## Data excerpts
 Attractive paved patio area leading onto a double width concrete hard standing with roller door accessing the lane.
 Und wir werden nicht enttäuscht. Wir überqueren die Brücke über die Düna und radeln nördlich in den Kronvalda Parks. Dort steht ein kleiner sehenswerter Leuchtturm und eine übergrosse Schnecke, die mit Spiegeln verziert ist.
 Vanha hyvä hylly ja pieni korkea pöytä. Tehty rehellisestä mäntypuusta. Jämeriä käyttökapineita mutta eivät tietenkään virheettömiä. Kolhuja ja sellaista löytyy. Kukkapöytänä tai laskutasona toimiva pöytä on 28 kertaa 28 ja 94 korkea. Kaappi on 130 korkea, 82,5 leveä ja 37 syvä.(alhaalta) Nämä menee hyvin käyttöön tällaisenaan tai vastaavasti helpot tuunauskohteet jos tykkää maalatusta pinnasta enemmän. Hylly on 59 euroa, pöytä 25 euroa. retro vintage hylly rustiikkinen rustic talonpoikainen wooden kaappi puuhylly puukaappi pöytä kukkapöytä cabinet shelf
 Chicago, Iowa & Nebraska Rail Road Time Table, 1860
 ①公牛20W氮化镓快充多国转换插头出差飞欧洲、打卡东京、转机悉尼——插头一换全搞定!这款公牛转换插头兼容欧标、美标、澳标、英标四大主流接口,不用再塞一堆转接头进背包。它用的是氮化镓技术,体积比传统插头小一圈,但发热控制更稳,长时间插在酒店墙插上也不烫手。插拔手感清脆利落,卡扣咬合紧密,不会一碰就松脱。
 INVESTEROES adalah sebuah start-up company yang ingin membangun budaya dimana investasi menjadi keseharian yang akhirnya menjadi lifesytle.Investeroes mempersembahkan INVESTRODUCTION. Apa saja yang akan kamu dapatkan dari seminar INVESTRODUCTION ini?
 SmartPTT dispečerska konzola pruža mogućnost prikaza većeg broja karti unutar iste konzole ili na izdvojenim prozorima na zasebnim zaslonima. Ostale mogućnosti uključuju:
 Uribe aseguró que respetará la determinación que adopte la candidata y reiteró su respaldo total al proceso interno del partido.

## The task
Your task is to print the whole listing again exactly.

## Written response
 Attractive paved patio area leading onto a double width concrete hard standing with roller door accessing the lane.
 Und wir werden nicht enttäuscht. Wir überqueren die Brücke über die Düna und radeln nördlich in den Kronvalda Parks. Dort steht ein kleiner sehenswerter Leuchtturm und eine übergrosse Schnecke, die mit Spiegeln verziert ist.
 Vanha hyvä hylly ja pieni korkea pöytä. Tehty rehellisestä mäntypuusta. Jämeriä käyttökapineita mutta eivät tietenkään virheettömiä. Kolhuja ja sellaista löytyy. Kukkapöytänä tai laskutasona toimiva pöytä on 28 kertaa 28 ja 94 korkea. Kaappi on 130 korkea, 82,5 leveä ja 37 syvä.(alhaalta) Nämä menee hyvin käyttöön tällaisenaan tai vastaavasti helpot tuunauskohteet jos tykkää maalatusta pinnasta enemmän. Hylly on 59 euroa, pöytä 25 euroa. retro vintage hylly rustiikkinen rustic talonpoikainen wooden kaappi puuhylly puukaappi pöytä kukkapöytä cabinet shelf
 Chicago, Iowa & Nebraska Rail Road Time Table, 1860
 ①公牛20W氮化镓快充多国转换插头出差飞欧洲、打卡东京、转机悉尼——插头一换全搞定!这款公牛转换插头兼容欧标、美标、澳标、英标四大主流接口,不用再塞一堆转接头进背包。它用的是氮化镓技术,体积比传统插头小一圈,但发热控制更稳,长时间插在酒店墙插上也不烫手。插拔手感清脆利落,卡扣咬合紧密,不会一碰就松脱。
 INVESTEROES adalah sebuah start-up company yang ingin membangun budaya dimana investasi menjadi keseharian yang akhirnya menjadi lifesytle.Investeroes mempersembahkan INVESTRODUCTION. Apa saja yang akan kamu dapatkan dari seminar INVESTRODUCTION ini?
 SmartPTT dispečerska konzola pruža mogućnost prikaza većeg broja karti unutar iste konzole ili na izdvojenim prozorima na zasebnim zaslonima. Ostale mogućnosti uključuju:
 Uribe aseguró que respetará la determinación que adopte la candidata y reiteró su respaldo total al proceso interno del partido.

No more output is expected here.